Today I stepped on the scale and couldn't believe the number I saw. I had to step on it again ... 128 pounds. I have lost 40 pounds total since April. Unbelievable to me! I am just three pounds away from my goal weight of 125. Even though I still feel as if I have many, many pounds to go.
So what have I been doing to keep losing the weight? Many people have asked me that lately. I started off this weight loss adventure by just going to the gym and eating healthy. It worked and the weight slowly started coming off. Then, I switched to Isagenix. Which also worked well for me, but I just couldn't afford to keep using it and honestly I missed eating real food! Now, I'm back to just eating healthy and five days a week at the gym.
I am probably the most boring eater there is. I eat the same things all the time. Why? Well, partly because it's easier for me to control my calories and fat intake, but also because cooking for one is a little bit of a challenge!
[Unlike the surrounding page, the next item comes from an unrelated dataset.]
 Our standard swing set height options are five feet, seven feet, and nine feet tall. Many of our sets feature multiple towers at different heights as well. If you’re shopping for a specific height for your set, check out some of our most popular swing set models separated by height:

I start every day off with oatmeal topped with fruit and a little bit of brown sugar (after my one cup of coffee of course!). For lunch, I always have a salad. I eat snacks throughout the day when I'm hungry - fruit, string cheese or some graham crackers. For dinner, I basically eat what I want. Lately my options include turkey tacos, chicken burrito bowl, chicken tortilla soup, migas, chicken and veggies or something similar. (Apparently I eat a lot of chicken. And like Tex-Mex.) I always make sure to load up on the vegetables, but don't deny myself something if I want it (like Buffalo Wild Wings!). I stay away from processed foods as much as possible, don't eat much sugar and have a very limited carb intake. But I don't feel deprived and I don't feel as if I'm "dieting." In fact, this weekend I had a slice of Cold Stone ice cream cake!
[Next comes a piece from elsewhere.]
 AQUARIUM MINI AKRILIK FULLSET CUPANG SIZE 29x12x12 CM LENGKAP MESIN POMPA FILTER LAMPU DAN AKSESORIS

However, I still don't feel as if I'm thin. I still feel like the size 12 me, not the new size 2 me. I struggle so much with this perception of myself. I want to look in the mirror and see thin, sexy and beautiful, but I still can't. I want to be able to wear a bikini on my birthday vacation (because I'm keeping all my fingers and toes crossed that this still happens!), but I can't imagine putting this body in a bikini. How do I get past this negative perception of myself?? Seriously, I need advice!